**EXERCISE DESCRIPTION**.
In the entries below, repeat only the lines between those holding "Evergreen cherry laurel" and "- Двоповерховий котедж", inclusive. Leave pictures out.

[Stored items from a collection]
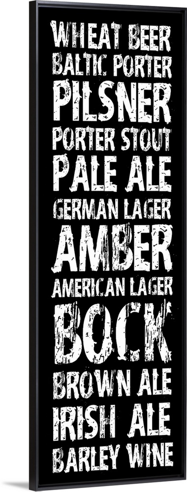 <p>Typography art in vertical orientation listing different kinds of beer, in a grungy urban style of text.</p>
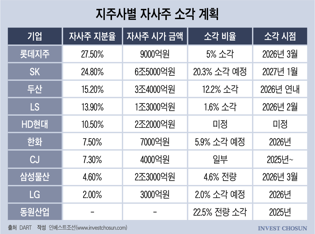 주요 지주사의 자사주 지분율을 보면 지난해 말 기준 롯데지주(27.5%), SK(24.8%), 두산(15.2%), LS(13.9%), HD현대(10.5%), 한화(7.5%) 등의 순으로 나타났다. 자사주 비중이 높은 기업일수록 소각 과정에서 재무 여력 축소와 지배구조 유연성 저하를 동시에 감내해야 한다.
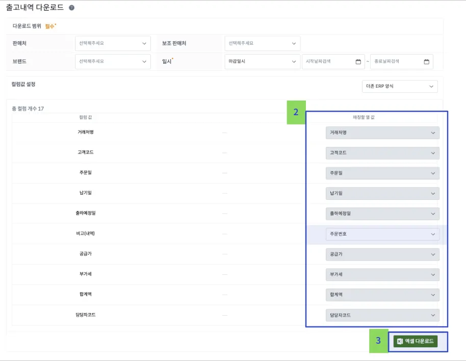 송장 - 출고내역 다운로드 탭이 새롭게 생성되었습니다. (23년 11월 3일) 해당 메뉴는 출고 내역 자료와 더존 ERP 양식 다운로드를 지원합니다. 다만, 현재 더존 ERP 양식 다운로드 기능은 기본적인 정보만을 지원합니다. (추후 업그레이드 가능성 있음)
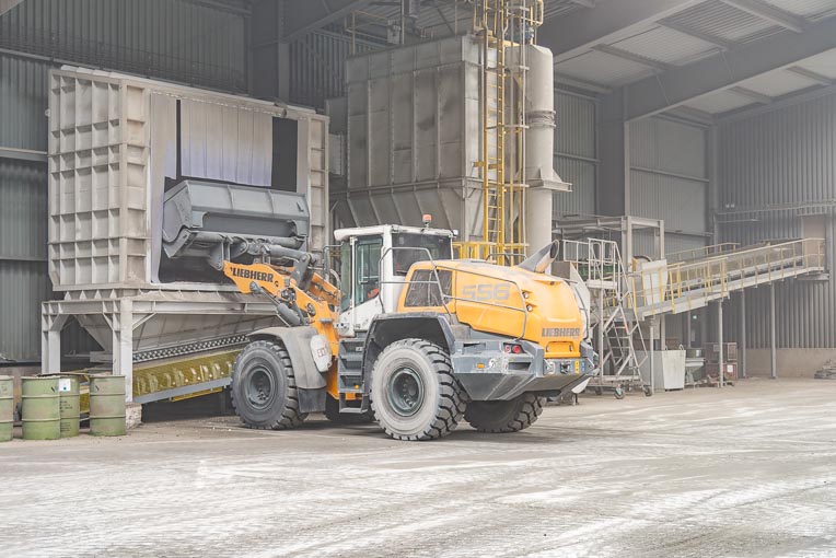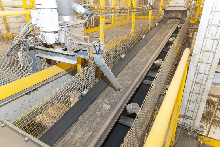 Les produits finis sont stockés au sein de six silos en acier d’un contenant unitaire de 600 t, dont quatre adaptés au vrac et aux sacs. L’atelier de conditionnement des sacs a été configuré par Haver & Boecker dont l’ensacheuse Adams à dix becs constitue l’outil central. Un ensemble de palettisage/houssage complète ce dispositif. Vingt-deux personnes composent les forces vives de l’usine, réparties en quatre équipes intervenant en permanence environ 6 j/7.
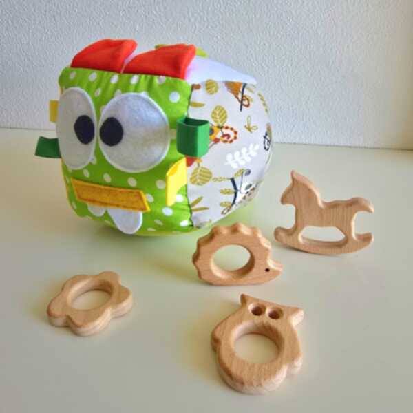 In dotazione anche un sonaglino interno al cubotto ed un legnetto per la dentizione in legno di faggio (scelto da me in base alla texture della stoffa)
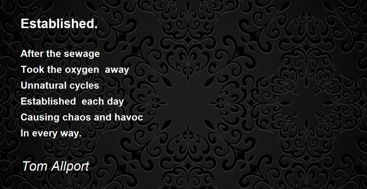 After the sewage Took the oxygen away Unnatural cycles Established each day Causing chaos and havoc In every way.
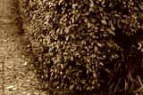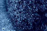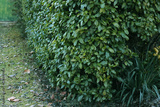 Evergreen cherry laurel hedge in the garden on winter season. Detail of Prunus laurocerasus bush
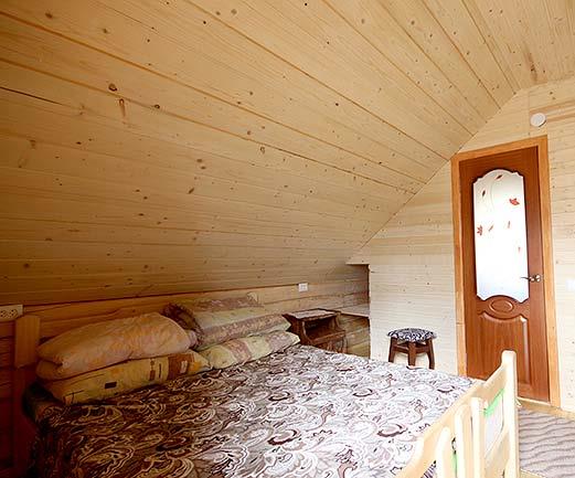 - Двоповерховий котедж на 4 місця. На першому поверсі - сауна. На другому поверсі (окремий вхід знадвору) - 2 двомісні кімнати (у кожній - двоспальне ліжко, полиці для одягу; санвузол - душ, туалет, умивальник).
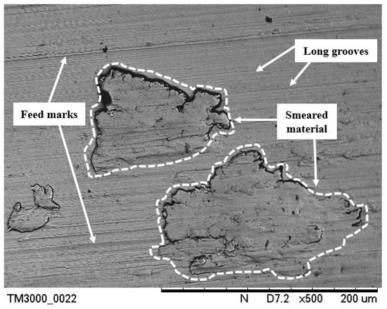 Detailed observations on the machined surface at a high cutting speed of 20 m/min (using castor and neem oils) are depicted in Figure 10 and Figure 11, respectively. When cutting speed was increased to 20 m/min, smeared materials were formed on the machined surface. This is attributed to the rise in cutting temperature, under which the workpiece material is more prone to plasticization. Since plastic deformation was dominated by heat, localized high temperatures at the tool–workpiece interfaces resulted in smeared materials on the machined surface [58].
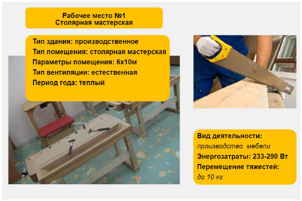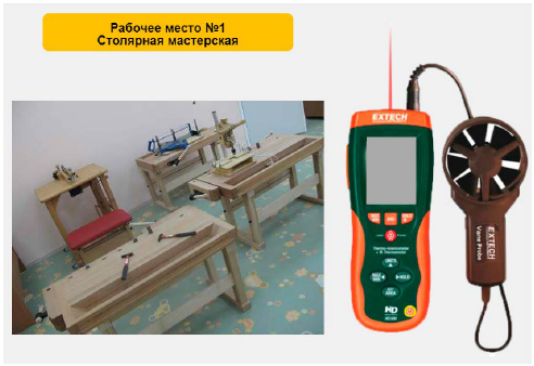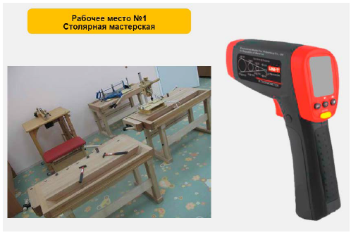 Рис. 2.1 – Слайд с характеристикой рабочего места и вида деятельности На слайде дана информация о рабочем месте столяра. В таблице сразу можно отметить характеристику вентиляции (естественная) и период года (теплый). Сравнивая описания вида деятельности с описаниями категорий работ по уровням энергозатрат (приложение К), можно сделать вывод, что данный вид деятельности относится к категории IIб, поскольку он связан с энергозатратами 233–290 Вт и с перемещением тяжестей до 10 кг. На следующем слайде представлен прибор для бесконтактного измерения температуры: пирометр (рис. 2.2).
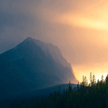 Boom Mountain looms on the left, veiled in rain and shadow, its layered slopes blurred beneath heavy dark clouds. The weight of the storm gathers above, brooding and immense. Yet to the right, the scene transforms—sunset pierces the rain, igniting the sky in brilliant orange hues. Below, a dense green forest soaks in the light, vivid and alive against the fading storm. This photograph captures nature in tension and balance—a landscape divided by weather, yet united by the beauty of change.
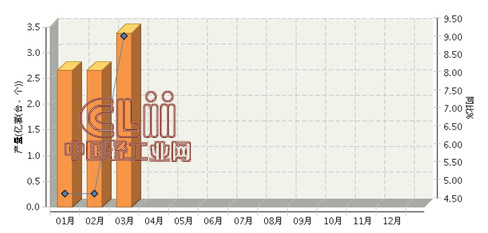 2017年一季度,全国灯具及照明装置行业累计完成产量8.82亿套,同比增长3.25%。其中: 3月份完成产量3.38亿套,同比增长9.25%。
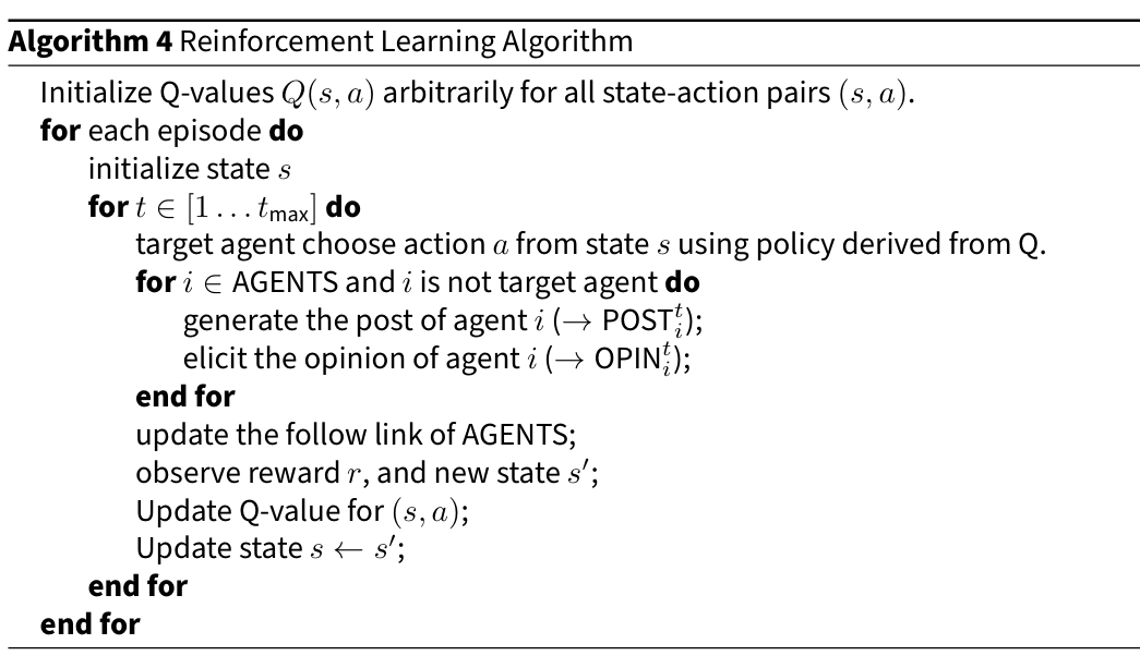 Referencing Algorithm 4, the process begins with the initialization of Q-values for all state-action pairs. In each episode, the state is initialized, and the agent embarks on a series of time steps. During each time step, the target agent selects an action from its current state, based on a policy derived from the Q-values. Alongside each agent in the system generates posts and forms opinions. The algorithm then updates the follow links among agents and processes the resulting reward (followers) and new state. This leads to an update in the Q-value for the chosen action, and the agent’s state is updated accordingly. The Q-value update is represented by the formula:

**REPLY**.
 Evergreen cherry laurel hedge in the garden on winter season. Detail of Prunus laurocerasus bush
 - Двоповерховий котедж на 4 місця. На першому поверсі - сауна. На другому поверсі (окремий вхід знадвору) - 2 двомісні кімнати (у кожній - двоспальне ліжко, полиці для одягу; санвузол - душ, туалет, умивальник).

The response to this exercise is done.